His father was an apothecary and amateur painter who gave him his first lessons. His first drawings were promising and, at the age of twelve, he entered the École des Beaux-arts de Lyon, where he studied engraving with Victor Vibert and Jean-Baptiste Danguin. In 1861, he won first prize at a painting and lithography contest held by the "Société des Amis des Arts".

From 1865 to 1868, he worked as an illustrator and was a decorative painter for the workshops of Antoine Sublet. In 1869, aged only twenty-three, he had his début at the Salon.

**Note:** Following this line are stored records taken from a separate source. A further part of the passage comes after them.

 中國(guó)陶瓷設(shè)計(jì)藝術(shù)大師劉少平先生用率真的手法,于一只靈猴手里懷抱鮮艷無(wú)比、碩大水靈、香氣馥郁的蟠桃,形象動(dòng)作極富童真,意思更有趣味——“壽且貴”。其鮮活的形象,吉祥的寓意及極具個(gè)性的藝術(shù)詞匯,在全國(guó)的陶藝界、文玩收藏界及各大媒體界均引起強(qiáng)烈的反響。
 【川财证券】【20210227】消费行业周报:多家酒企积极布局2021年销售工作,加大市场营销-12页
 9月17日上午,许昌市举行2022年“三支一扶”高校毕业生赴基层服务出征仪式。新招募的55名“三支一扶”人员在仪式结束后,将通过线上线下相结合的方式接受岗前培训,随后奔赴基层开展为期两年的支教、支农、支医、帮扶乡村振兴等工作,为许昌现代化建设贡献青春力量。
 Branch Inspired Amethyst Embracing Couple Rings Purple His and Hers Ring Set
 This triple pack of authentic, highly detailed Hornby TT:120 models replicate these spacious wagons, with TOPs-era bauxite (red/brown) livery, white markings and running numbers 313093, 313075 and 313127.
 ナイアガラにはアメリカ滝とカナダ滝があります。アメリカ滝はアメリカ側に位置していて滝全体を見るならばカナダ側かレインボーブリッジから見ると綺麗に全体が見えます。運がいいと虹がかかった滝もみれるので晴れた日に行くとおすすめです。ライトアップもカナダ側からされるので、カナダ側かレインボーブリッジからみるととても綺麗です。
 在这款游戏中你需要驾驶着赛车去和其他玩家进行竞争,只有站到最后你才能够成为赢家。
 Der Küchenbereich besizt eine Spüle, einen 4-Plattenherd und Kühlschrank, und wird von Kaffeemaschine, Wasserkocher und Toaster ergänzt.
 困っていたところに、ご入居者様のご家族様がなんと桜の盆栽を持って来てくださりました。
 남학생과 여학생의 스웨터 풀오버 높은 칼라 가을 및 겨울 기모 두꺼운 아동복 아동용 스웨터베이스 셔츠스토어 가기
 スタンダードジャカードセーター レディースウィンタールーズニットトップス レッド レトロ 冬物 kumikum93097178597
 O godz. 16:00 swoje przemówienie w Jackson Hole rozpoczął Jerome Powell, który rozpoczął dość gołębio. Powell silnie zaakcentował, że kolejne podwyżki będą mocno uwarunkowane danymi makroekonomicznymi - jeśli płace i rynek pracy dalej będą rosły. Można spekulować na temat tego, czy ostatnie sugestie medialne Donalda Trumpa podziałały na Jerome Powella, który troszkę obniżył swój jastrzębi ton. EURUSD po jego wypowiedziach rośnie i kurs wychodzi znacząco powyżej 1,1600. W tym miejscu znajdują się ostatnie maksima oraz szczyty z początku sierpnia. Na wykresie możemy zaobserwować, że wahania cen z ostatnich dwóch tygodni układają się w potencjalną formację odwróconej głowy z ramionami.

His career was, however, interrupted by the Franco-Prussian War, when he enlisted in an artillery battalion and took part in the defense of Paris. After demobilization, he created many realistic scenes of battlefields.

After 1872, he exhibited regularly in both Lyon and Paris, where his works sold well and received good critical notices. He used his earnings to make an extended visit to Spain, which had a permanent influence on his style.

After his father's death in 1881, he returned to Lyon and remained there for the rest of his life. The following year, he was married. Over the next few years, he joined several art societies and professional associations. In 1888, he was named a member of the advisory board at the Museum of Fine Arts of Lyon and replaced his old Professor, Danguin, at the École. He became the Director there in 1894, by ministerial order.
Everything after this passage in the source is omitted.